Subsetting rows by group
Remarks#
A reminder: DT[where, select|update|do, by]
syntax is used to work with columns of a data.table.
- The “where” part is the
i
argument - The “select|update|do” part is the
j
argument
These two arguments are usually passed by position instead of by name.
Selecting rows within each group
# example data
DT <- data.table(Titanic)
Suppose that, for each sex, we want the rows with the highest survival numbers:
DT[Survived == "Yes", .SD[ N == max(N) ], by=Sex]
# Class Sex Age Survived N
# 1: Crew Male Adult Yes 192
# 2: 1st Female Adult Yes 140
.SD
is the subset of data associated with each Sex
; and we are subsetting this further, to the rows that meet our condition. If speed is important, instead use an approach suggested by eddi on SO:
DT[ DT[Survived == "Yes", .I[ N == max(N) ], by=Sex]$V1 ]
# Class Sex Age Survived N
# 1: Crew Male Adult Yes 192
# 2: 1st Female Adult Yes 140
Pitfalls
In the last line of code, .I
refers to the row numbers of the full data.table. However, this is not true when there is no by
:
DT[ Survived == "Yes", .I]
# 1 2 3 4 5 6 7 8 9 10 11 12 13 14 15 16
DT[ Survived == "Yes", .I, by=Sex]$I
# 17 18 19 20 25 26 27 28 21 22 23 24 29 30 31 32
Selecting groups
# example data
DT = data.table(Titanic)
Suppose we only want to see second class:
DT[ Class == "2nd" ]
# Class Sex Age Survived N
# 1: 2nd Male Child No 0
# 2: 2nd Female Child No 0
# 3: 2nd Male Adult No 154
# 4: 2nd Female Adult No 13
# 5: 2nd Male Child Yes 11
# 6: 2nd Female Child Yes 13
# 7: 2nd Male Adult Yes 14
# 8: 2nd Female Adult Yes 80
Here, we simply subset the data using i
, the “where” clause.
Selecting groups by condition
# example data
DT = data.table(Titanic)
Suppose we want to see each class only if a majority survived:
DT[, if (sum(N[Survived=="Yes"]) > sum(N[Survived=="No"]) ) .SD, by=Class]

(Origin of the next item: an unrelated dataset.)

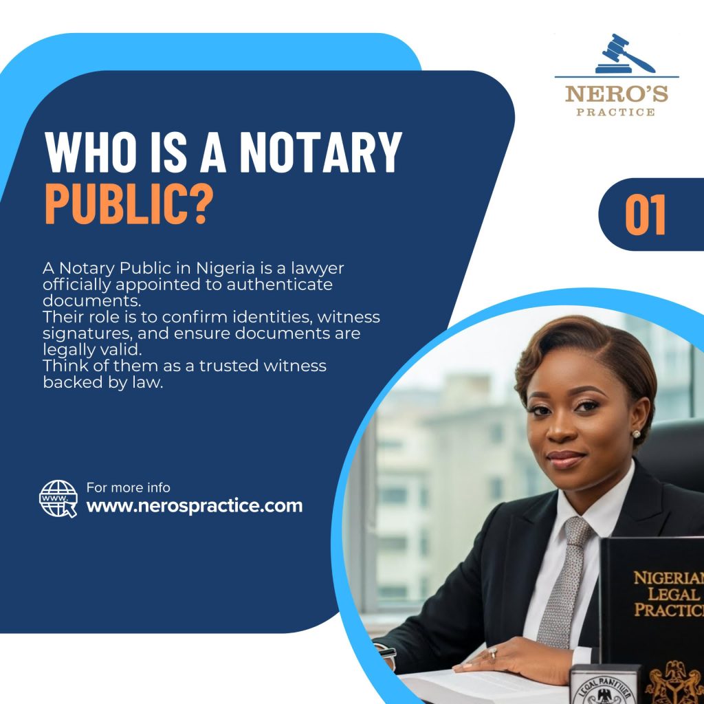 A Notary Public in Nigeria is a legal officer appointed by the Chief Justice of Nigeria to perform specific official and legal functions. Their main role is to authenticate documents and transactions, especially those that will be used outside Nigeria or require a high level of legal credibility.
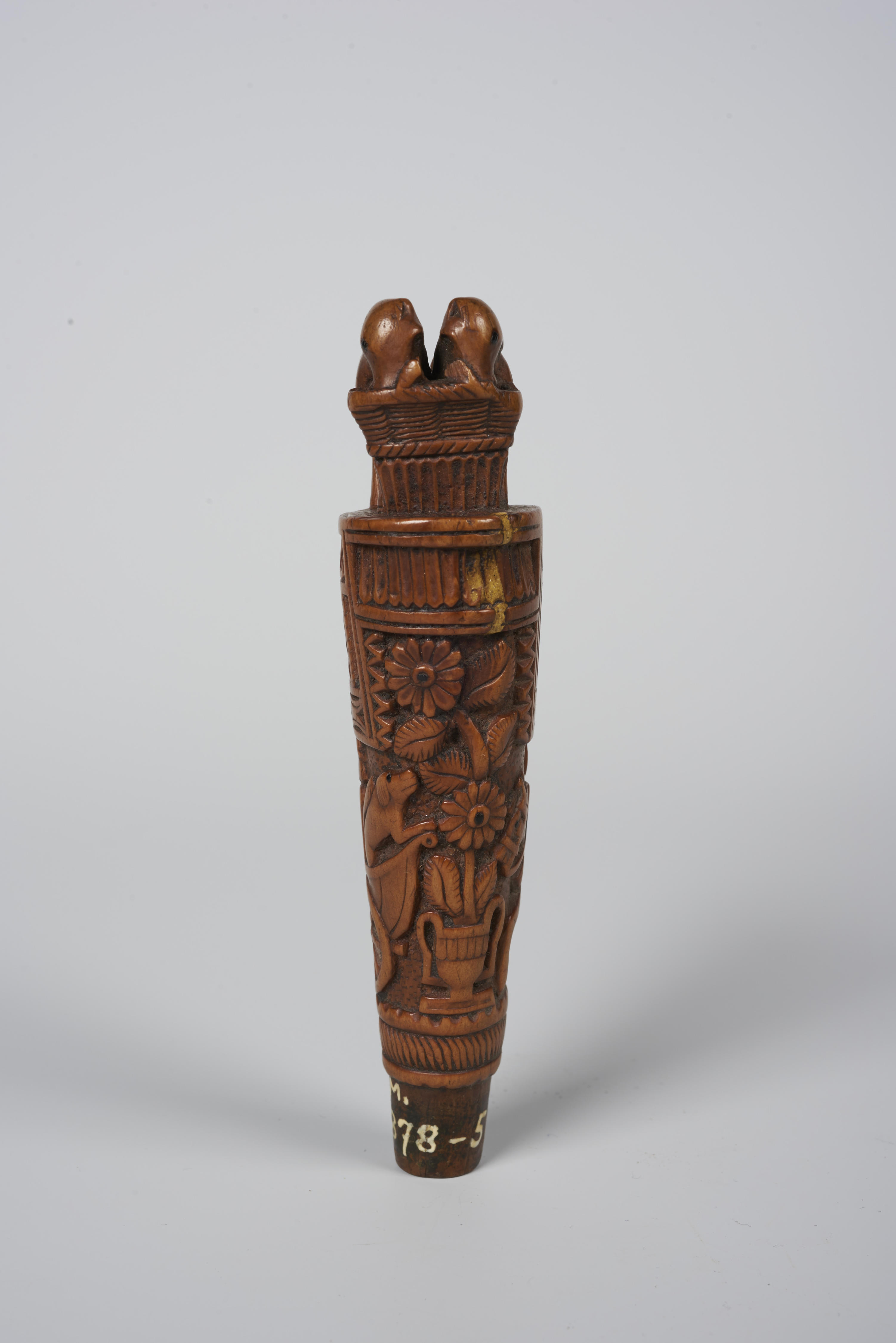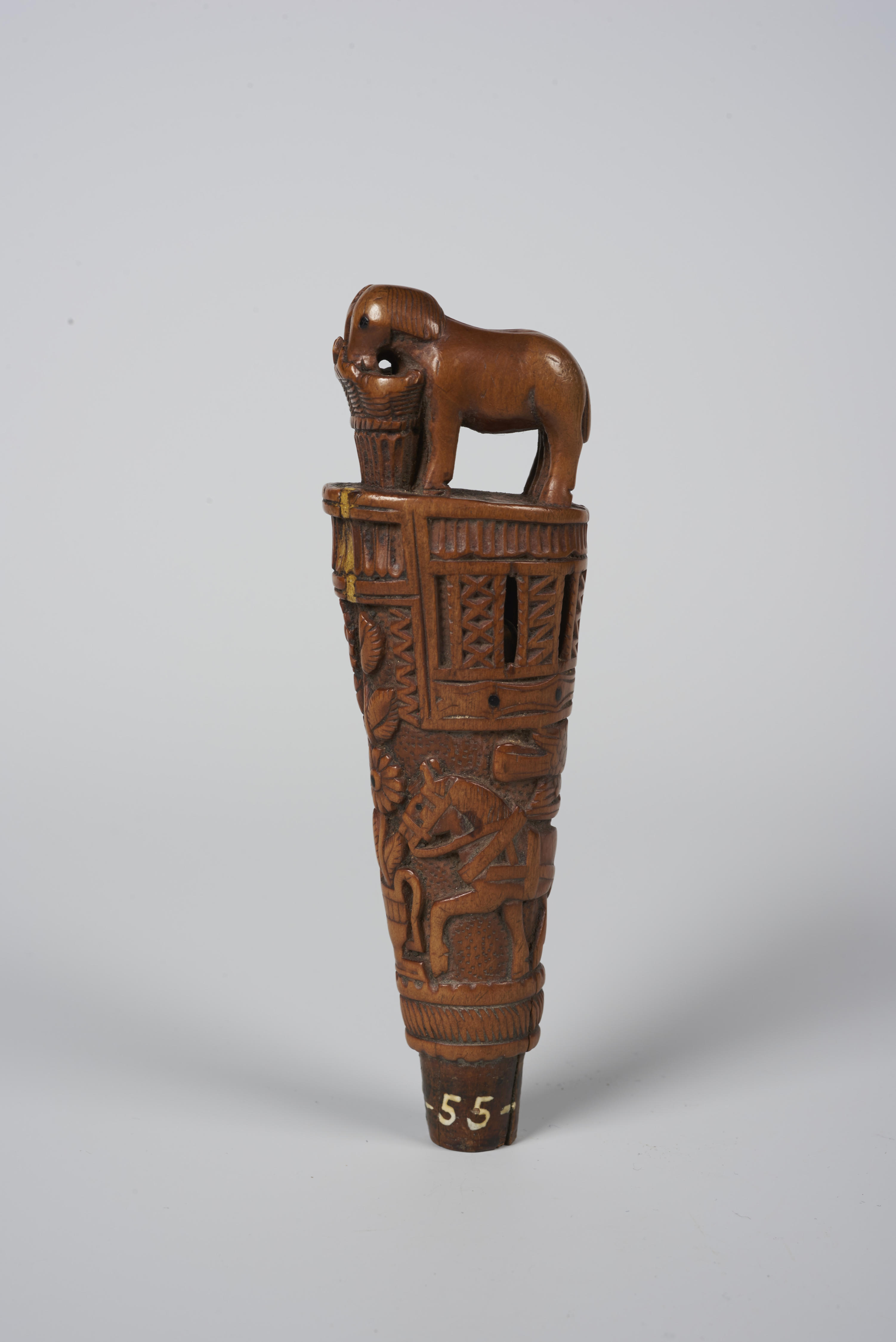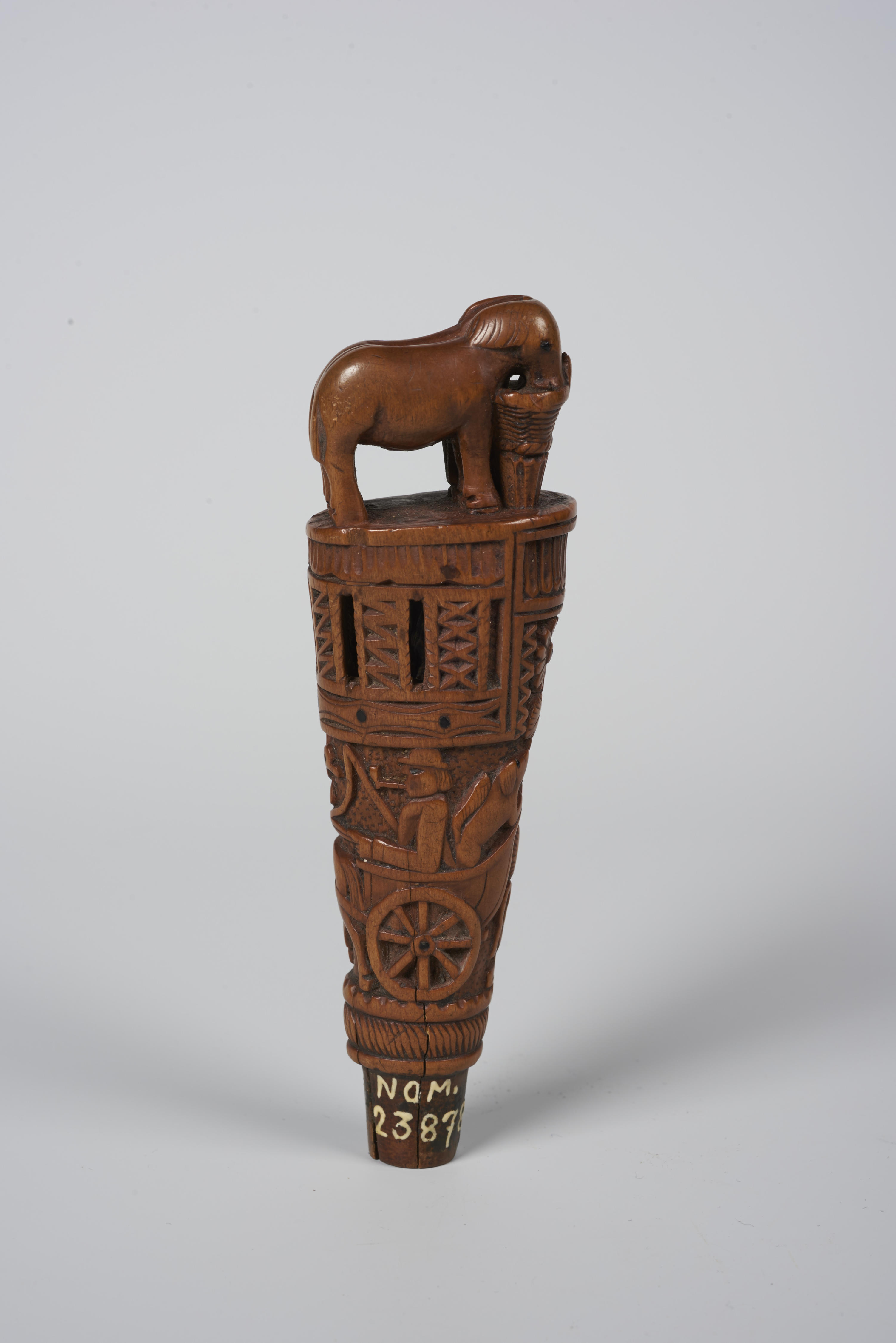 Palmhouten mesheft met de voorstelling van een kar waarop een landman zit. Achter op de kar zit een hond. Het heft is verder besneden met een vaas met bloemen en een vliegende vogel. Het is bekroond met twee staande paarden die uit een voermand eten.

# Class Sex Age Survived N
# 1: 1st Male Child No 0
# 2: 1st Female Child No 0
# 3: 1st Male Adult No 118
# 4: 1st Female Adult No 4
# 5: 1st Male Child Yes 5
# 6: 1st Female Child Yes 1
# 7: 1st Male Adult Yes 57
# 8: 1st Female Adult Yes 140
Here, we return the subset of data .SD
only if our condition is met. An alternative is
DT[, .SD[ sum(N[Survived=="Yes"]) > sum(N[Survived=="No"]) ) ], by=Class]
but this has sometimes proven slower.